"I wanted something glamorous without being feminine," Dries Van Noten said of his latest collection. He chose as its nexus the most glamorous mid-seventies incarnation of the most glamorous male chameleon of them all: David Bowie as the Thin White Duke. The models sported Bowie's hairstyle of the time (reddish blond, slicked back). The soundtrack played a radically deconstructed version of "Golden Years" (one of his biggest American hits). And Van Noten made full use of a silhouette—peak-shouldered, double-breasted jacket over full, pleated pants—that echoed the nouveau-Sinatra outfits worn by Bowie on his epochal '76 tour in support of Station to Station, the album that launched the TWD on the world.
It could have been one more fashion love letter to one of the most influential performers of the past half-century—the designer acknowledged backstage how intrigued he's always been by Bowie—and that would have been the end of it. But obviously Van Noten had other things on his mind.
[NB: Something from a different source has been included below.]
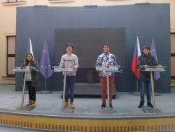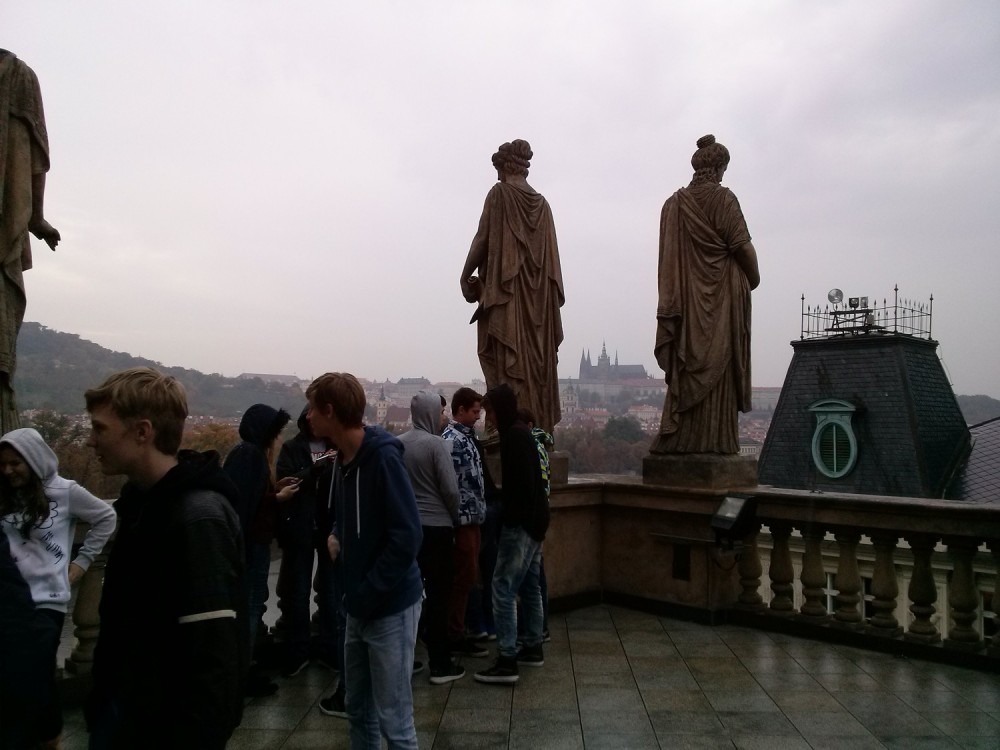 Občerstveni tímto nevšedním zážitkem jsme poté sestupovali po kamenném dláždění dolů, do probouzejícího se města. A když se po Malé Straně rozezněla loretánská zvonkohra, čekala jsem, kdy z domu U Dvou slunců vyběhne malý Jan Neruda, nebo se alespoň objeví postavy jeho povídek. Nic takového se samozřejmě nestalo, město žilo svým tempem, lidé pospíchali do práce a kavárny čekaly na své první hosty. My jsme směřovali k Valdštejnskému paláci. Opět jsme žasli, tentokrát nad bohatstvím a okázalostí budovy i sálů, jimiž jsme procházeli. Nakonec jsme zasedli do kdysi velkolepé konírny, dnes jednací síně Senátu ČR. Poté jsme se přemístili do nedaleké Strakovy akademie, sídla vlády. Tato svěží, o dvě stě let mladší novorenesanční budova na nás zapůsobila milým dojmem, zvláště když jsme v tiskovém centru postáli před řečnickými pultíky našich vládních představitelů, či když jsme usedli přímo na jejich místa v zasedacím sále.

He said Bowie got him thinking about surfaces and what happens when you scratch them, and so he put together a collection that was based on oppositions: a formal navy evening jacket over a casual white tee; a sleek, chic shawl-collared blazer in traditional camel pinning down the silhouette over huge white cargo pants; a cropped cadet jacket laden with bullion embroidery paired with a chunky hand-knit; dark overcoats in the most traditional English materials layered over their exact twins in bright white technical fabrics.
Van Noten's quietly subversive streak was insinuated in the way technical details like snap closings and bonded linings were used on classically tailored camel and navy. An elegant double-breasted camel blazer was paired with his version of motorcycle pants, unzipping from waist to ankle. Unhinged elegance was also the theme of that oversize knitwear and the swaths of fur that defined coat lapels. But these flourishes also helped to emphasize the grandness of the clothes. If Van Noten wanted to convey something about heroic masculinity, he chose the right place. The Musée Bourdelle is filled with the majestic sculpture of Antoine Bourdelle, a student of Rodin's. And, of course, the hero of the hour's most famous song is called "Heroes."